Now silver, often called the poor man’s gold, looks set to share the bleak fate of its cousin, the yellow metal, as the increasing prospect of a U.S.-China trade deal wrecks the value of safe-havens.
But it’s arguable if such a narrative is fair to silver, which isn’t even a safe-haven.
Aside from its shiny properties that account for some of its demand as jewelry, silver is really an industrial metal that gets tagged as precious under the securitization of commodities.
And in an era where there’s a sell on everything that’s precious — even on recently crowned precious metal king palladium — it probably shouldn’t be surprising that silver’s getting battered as well.

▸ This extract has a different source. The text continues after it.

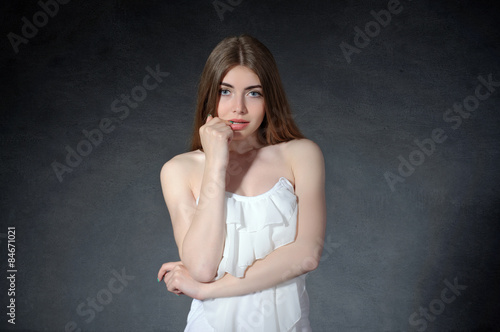 Thoughtful, shy, thinking concept. Woman crossed her arms

Bears Aren’t Making Any Apologies After Silver’s Big Summer
Silver bears aren’t making any apologies, though, for the change in the investment flows toward the metal since the end of summer.
The last time silver had it as good as this was in 2016. This year’s rally didn't begin at the start of 2019. After a woeful February through May, silver suddenly picked up for a whopping 23% rally between June and August. Since then, its run has been uneven. It lost 7% in September, then gained more than 6% last month, before losing all of that rebound since the start of November.
At its current price of around $16.75 per ounce on New York Mercantile Exchange’s COMEX, silver still shows a 10% gain on the year.
More Pain Ahead?
But some analysts see more pain in the immediate term for those who continue to hold substantial long positions in the metal.
The reasoning is that hedge funds — commonly known as Commodity Trading Advisors, or CTAs — are turning silver sellers in droves.
“Silver is playing catchup with gold as CTAs turn sellers with prices below $17.32/oz,” analysts at Canadian bank-backed brokerage TD Securities wrote on Monday. “Although we don't anticipate a significant change in algorithmic length, investment demand will also likely be weighed down.”
Independent currency strategist Paul Robinson, however, noted that silver has been hit harder than gold.
Vulnerable To Further Selling
The metal’s most recent leg lower was on par with the force produced during the last two down-moves from the early-September peak, Robinson said. He added:
“Having made a lower-low beneath the October low, silver is vulnerable to further selling in the absence of solid support nearby.”
“Support to watch arrives via the 200-day MA and twin peaks from January/February, making just above the 16-line an important area to keep an eye on should the price continue to weaken in the days ahead.”
Brokerage ADM Investor Services was more detailed on the likely twists and turns in silver in the coming weeks.
A Negative Short-Term Indicator Seen In Trend
In a note circulated after silver’s settlement below the 9-day moving average on Monday, ADMIS precious metals analysts said:
“The close below the 9-day moving average is a negative short-term indicator for trend. It is a slightly negative indicator that the close was under the swing pivot.”
Observing the Relative Strength Indicator, or RSI, of silver, they added:
“The next downside objective is $16.394. With a reading under 30, the 9-day RSI is approaching oversold levels. The next area of resistance is around $16.997 and $17.263.”